4.6 Dem Kunden stehen Aufrechnungs- oder Zurückbehaltungsrechte nur insoweit zu, als sein Anspruch rechtskräftig festgestellt oder unbestritten ist. Dies gilt nicht für Zurückbehaltungsrechte des Kunden, die auf Gegenansprüchen des Kunden aus demselben Vertragsverhältnis beruhen. Bei Mängeln der Lieferung bleiben die Gegenrechte des Kunden, insbesondere gem. Ziffer 10 dieser AVB, unberührt.
5. Lieferung, Versand und Gefahrübergang
5.1 Sofern nicht anders vereinbart, erfolgen alle Lieferungen ab Werk (EXW gem. Incoterms 2020). Versandart, -weg und -verpackung werden von uns nach pflichtgemäßem Ermessen ausgewählt. Wir versenden die Produkte an die vom Kunden im Rahmen seiner Bestellung angegebene Adresse (Versendungskauf).
5.2 Die Gefahr geht spätestens mit der Übergabe der Produkte an den Spediteur, Frachtführer oder sonst zur Ausführung der Versendung bestimmten Person oder Anstalt auf den Kunden über. Der Übergabe bzw. Abnahme steht es gleich, wenn der Kunde im Verzug der Annahme ist.
5.3 Verzögert sich der Versand oder die Übergabe infolge eines Umstandes, dessen Ursache beim Kunden liegt, geht die Gefahr von dem Tag an auf den Kunden über, an dem die Produkte versandbereit sind und dies dem Kunden angezeigt wurde.

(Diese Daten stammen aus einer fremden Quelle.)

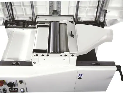 采用带4个刀片的95 mm直径刀头,因此可非常轻松地完成最佳刨削。为获得完美的精整效果,压刨机进给辊的压力可根据加工的木材类型进行调整。前进给辊带有螺旋齿,用以保证稳固、持续的工件进给,喷砂钢后进给辊则保持完美的后加工精整。
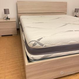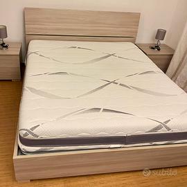 Vendo letto matrimoniale completo in ottime condizioni, pari al nuovo. Il set comprende: - Letto matrimoniale con struttura moderna color legno chiaro - Materasso ortopedico di qualità (pagato 450€), ideale per la schiena - 2 comodini abbinati Il letto è solido e spazioso, con possibilità di utilizzare lo spazio sotto per riporre scatole, valigie o altri oggetti. Il materasso è stato sempre usato con coprimaterasso, quindi è pulito e ben tenuto. Misure standard matrimoniale Prezzo: 480€ trattabili

5.4 Gerät der Kunde in Annahmeverzug, unterlässt er eine Mitwirkungshandlung oder verzögert sich die Lieferung der Produkte aus anderen, vom Kunden zu vertretenden Gründen, sind wir berechtigt, Ersatz des hieraus entstehenden Schadens (z.B. Lagerkosten) zu verlangen. Wir haben gegen den Kunden für jede angefangene Woche der Verzögerung Anspruch auf Zahlung einer pauschalen Entschädigung i. H. v. 0,5 % des Rechnungsbetrages (netto) der Produkte, mit deren Annahme sich der Kunde in Verzug befindet. Die Entschädigung ist insgesamt begrenzt auf 5 % des Rechnungsbetrages der Produkte, mit deren Annahme sich der Kunde in Verzug befindet. Der Nachweis eines höheren Schadens und unsere gesetzlichen Ansprüche (insbesondere Ersatz von Mehraufwendungen, angemessene Entschädigung, Kündigung) bleiben unberührt; die pauschale Entschädigung wird auf unsere darüberhinausgehenden Schadensersatzansprüche angerechnet. Dem Kunden bleibt der Nachweis gestattet, dass uns überhaupt kein oder nur ein wesentlich geringerer Schaden als die pauschale Entschädigung entstanden ist.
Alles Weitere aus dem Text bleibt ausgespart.